I have the following Python code.

I know it's complex and long, but it doesn't matter what it actually does.

I don't understand and my question is why after a few iterations of the for-loop almost all my RAM is taken up by visual studio code. The amount of RAM memory taken up by VSC increases in bumps. I monitor it on Windows10 using CTRL+ALT+DEL --> TaksManager. When I start running this code, I have 7GB of RAM free, after 3 minutes, I have 1 GB of RAM free or less. I would have expected that each iteration of the for-loop to use some RAM and deallocate it when b increases by 1 (so at the beginning of the next iteration).

I want to solve this issue because I actually need to run that for-loop for A LOT of times to get some useful results.
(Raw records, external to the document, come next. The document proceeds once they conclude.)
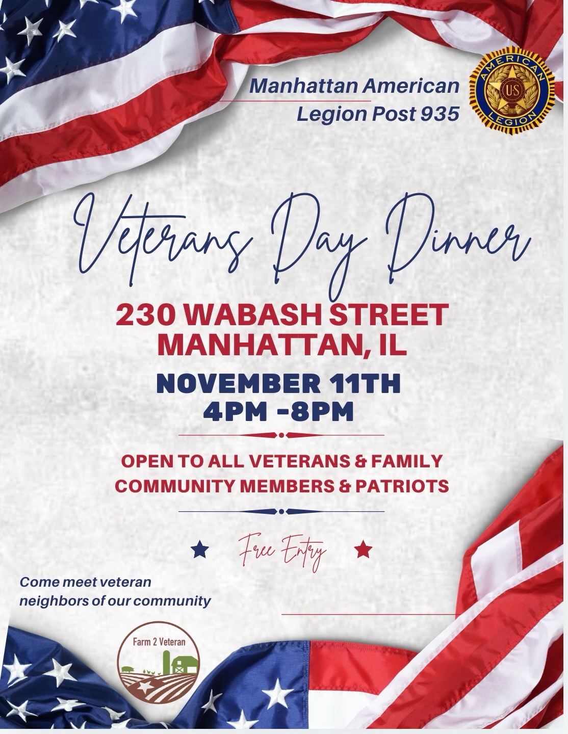 The Manhattan American Legion Post 935 is hosting an event on Veterans Day - Thursday, November 11, from 4:00 PM to 8 PM at the Manhattan Township Hall, located at 230 Wabash St. Manhattan, IL.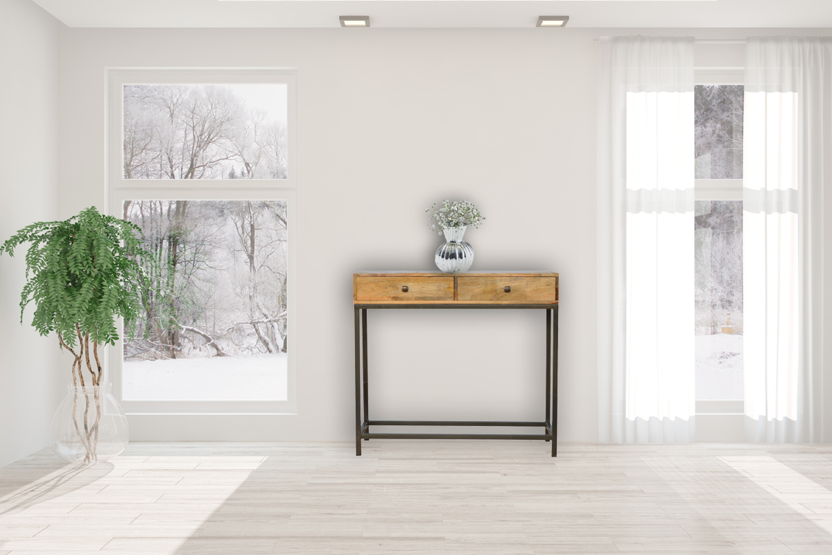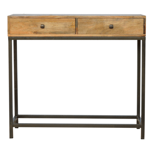 This 2 drawer console table is an excellent choice for adding extra surface and storage space to your hallway. The slimmer design makes this an ideal piece for tighter spaces such as your hallway. The top and drawers are constructed from 100% solid mango wood, and the base/legs is constructed from 100% metal Iron. Other features include straight legs, round shiny knob handles, smooth oak-ish finish on the wood and a pewter finish on the Iron.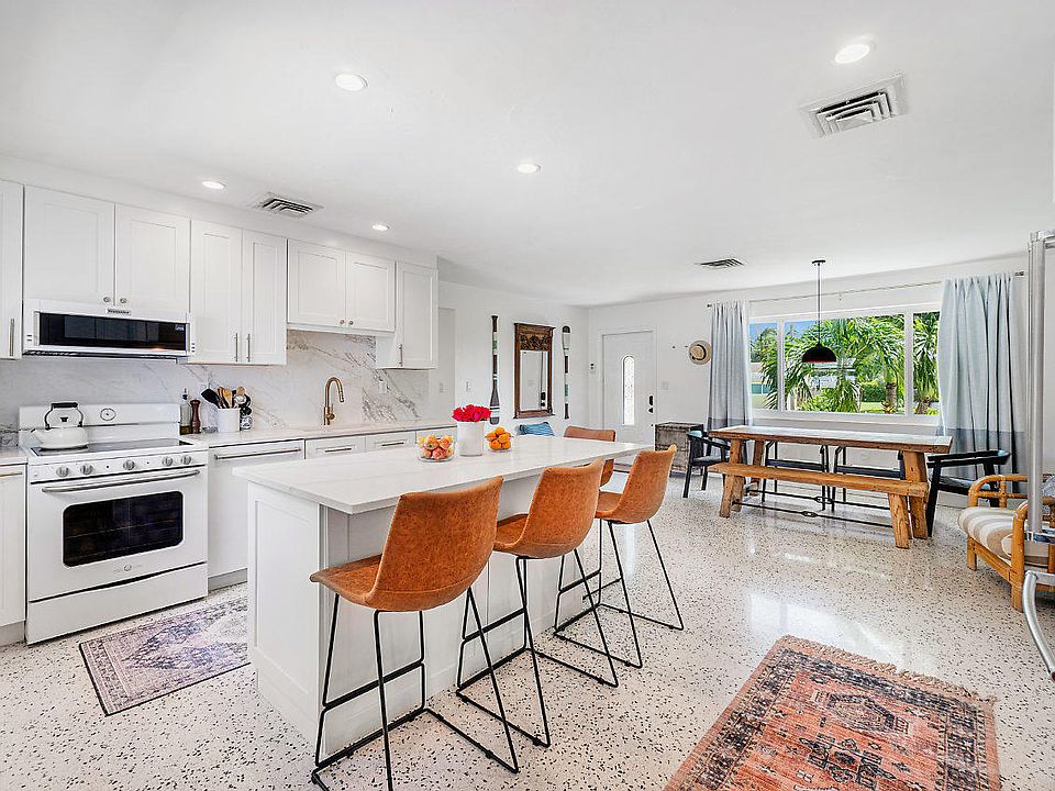 Come see this beautifully renovated casita in the heart of the Village of North Palm Beach! This home offers a spacious, open floor plan with freshly restored Terrazzo, impact windows, an extra large one car garage, and plenty of room for a large boat in the fenced-in side yard. The stunningly designed kitchen includes white, custom soft-close shaker cabinets, an extra large kitchen island, new KitchenAide appliances, marbleized quartz countertops, high-end finishes, and so much more!! With plenty of space in the bedrooms, the sizes will impress you. The large living space features a tongue and groove ceiling, which opens to an enormous poured concrete patio, made for entertaining. Fruit trees, garden beds and rare palms complete this beautiful find-it won't last long!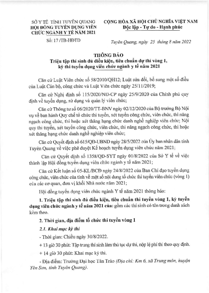 | Tiêu đề văn bản | Thông báo số 17/TB-HĐTD Triệu tập thí sinh đủ điều kiện, tiêu chuẩn dự thi vòng 1, kỳ thi tuyển dụng viên chức ngành y tế năm 2021 | ||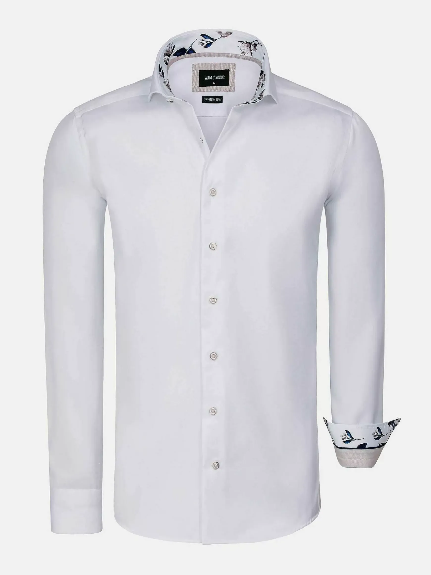 Wit Overhemd Met Knoopsluiting. Dit Stijlvolle Model Is Afgewerkt Met Een Kleurrijke Bloemenprint Aan De Binnenkant Van De Kraag En De Manchetten. Dit Is Een Strijkvrij Overhemd. Staat Leuk Bij Een Pantalon Voor Een Zakelijke Look Of Bij Een Jeans Voor Een Meer Casual Outfit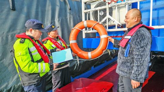 80分鐘的水上航程,寒風(fēng)裹著濕氣撲面而來,乘船是抵達(dá)這里的唯一方式??焱Э堪逗螅R浪崗交通執(zhí)法中隊(duì)黨支部書記孫成斌就迎了上來,黝黑的臉上帶著笑意。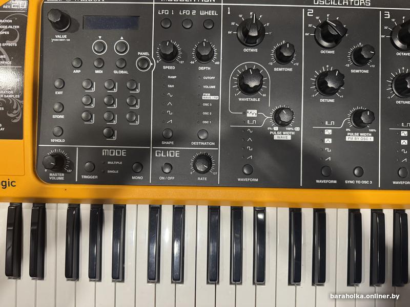 - Модуляция: LFO1, LFO2 (фазовая синхронизация), Wheel (Mod wheel и послекасание), регулировка скорости и интенсивности LFO, формы LFO: пилообразная, квадрат, треугольник, sine, sample и hold, ramp, направление: OSC1, OSC2, OSC3, PWM/Wav/FM, громкость, отсечка фильтра.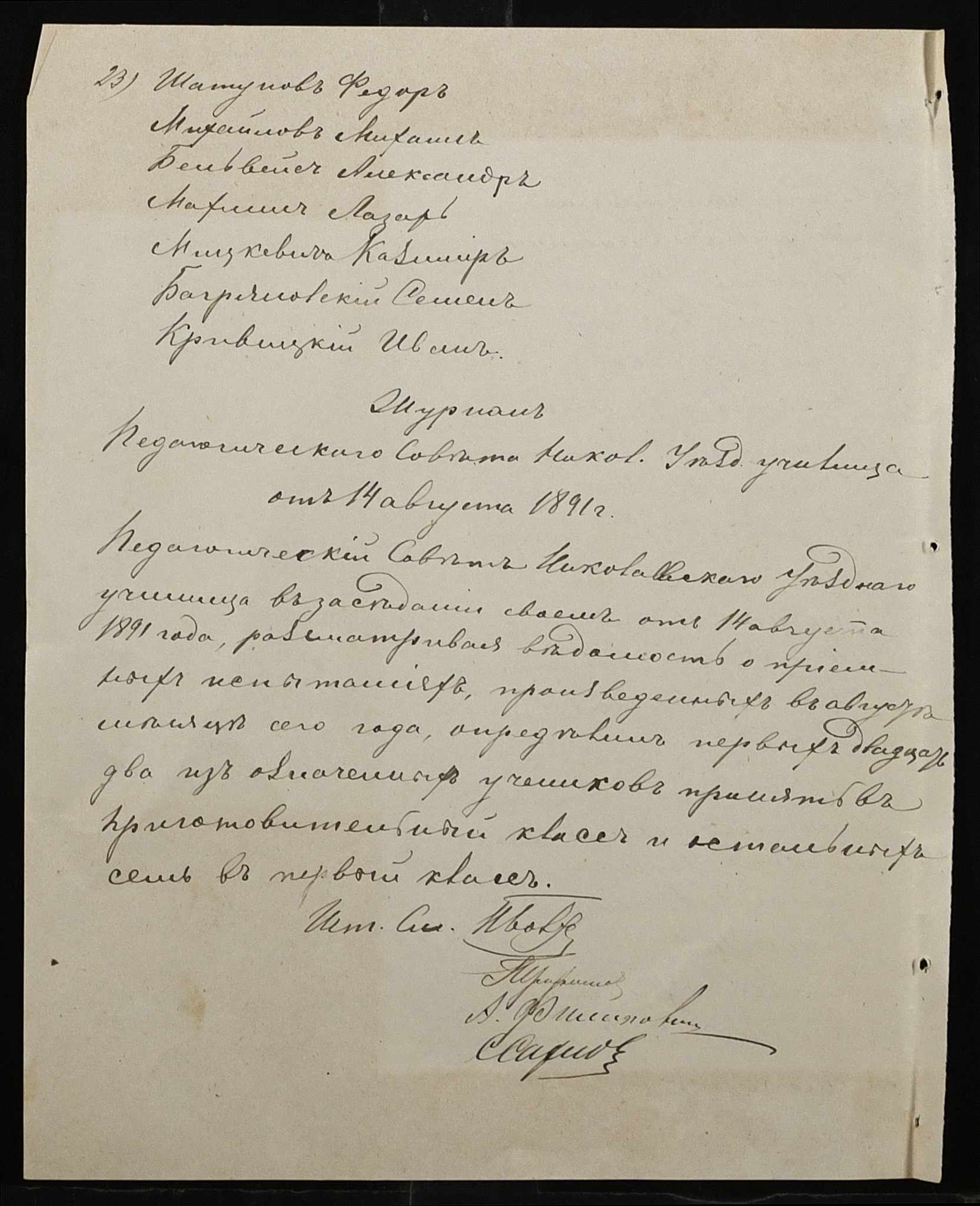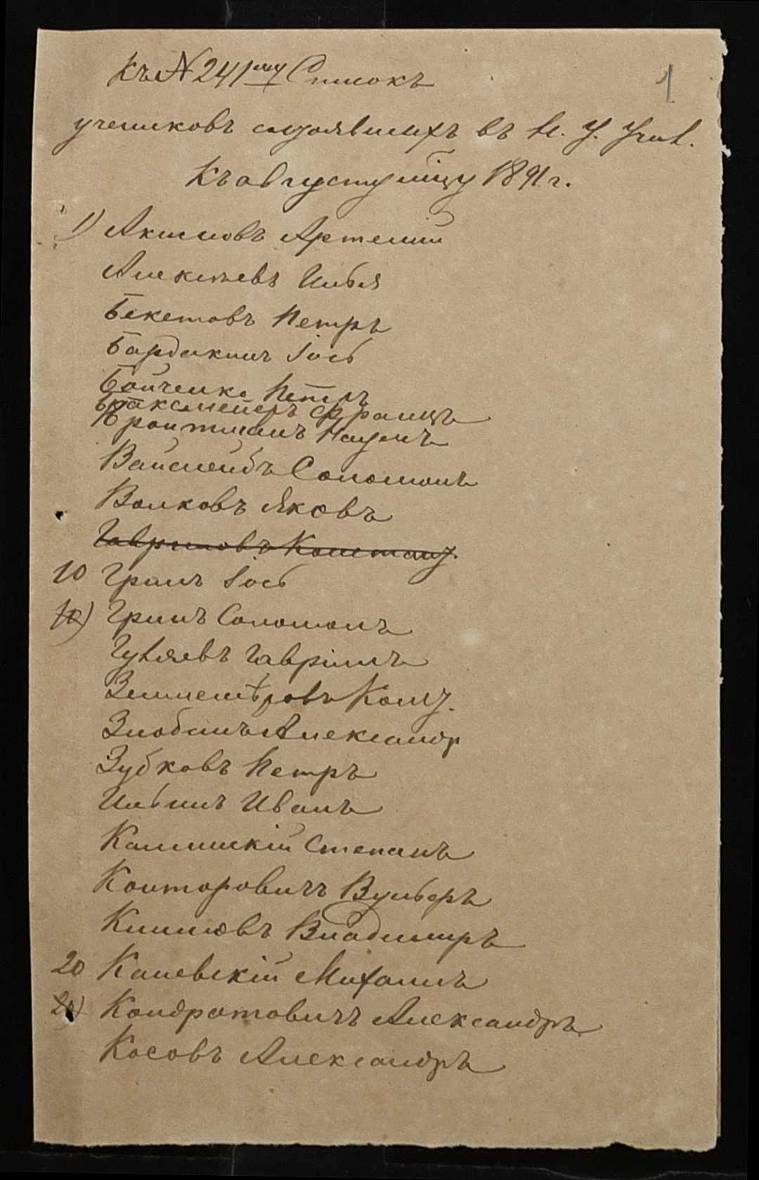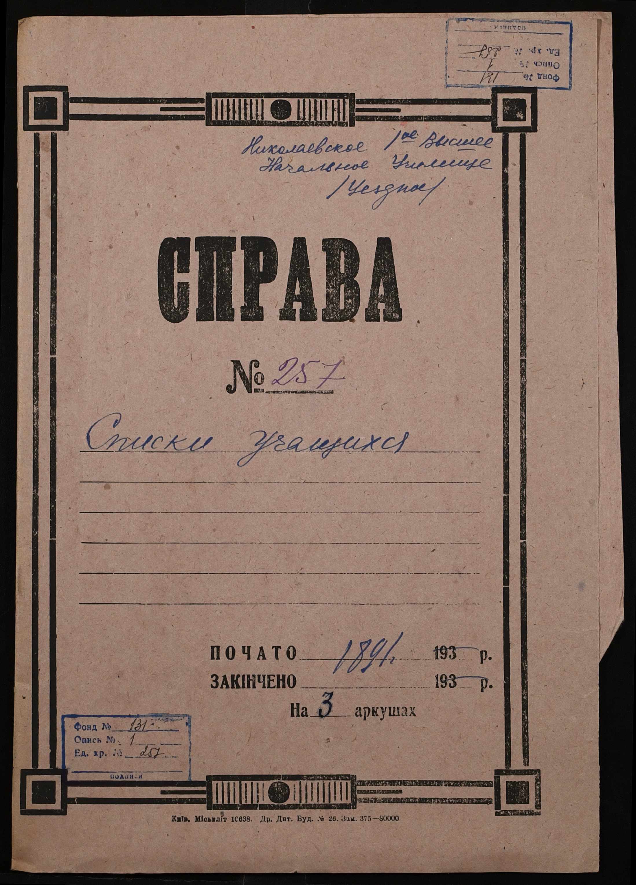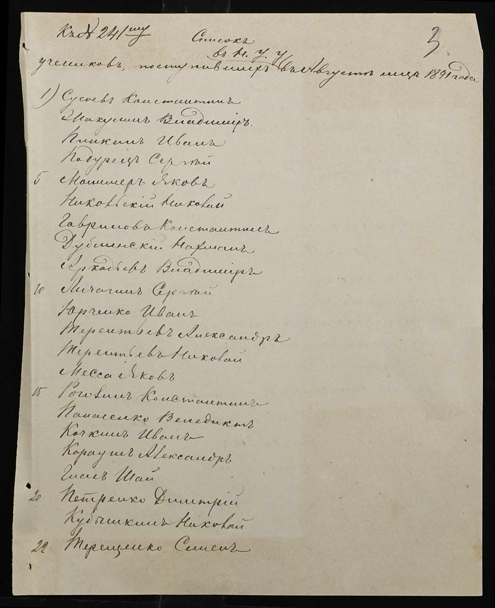 • • • • Справа № 257 “Списки учнів за 1891 рік”

I do not have problems to wait for computations to finish, but it seems that in its current state, this code cannot produce the results I want because of this RAM issue. Please point me into the right direction on how to fix it.

The only thing which came into my mind is the fact that maybe VSC stores the graphs shown on screen using plt.show() in RAM, I deleted the plotting part of the code, but the same identical RAM-filling behaviour prevails even if no plotting occurs at any iteration of the for-loop.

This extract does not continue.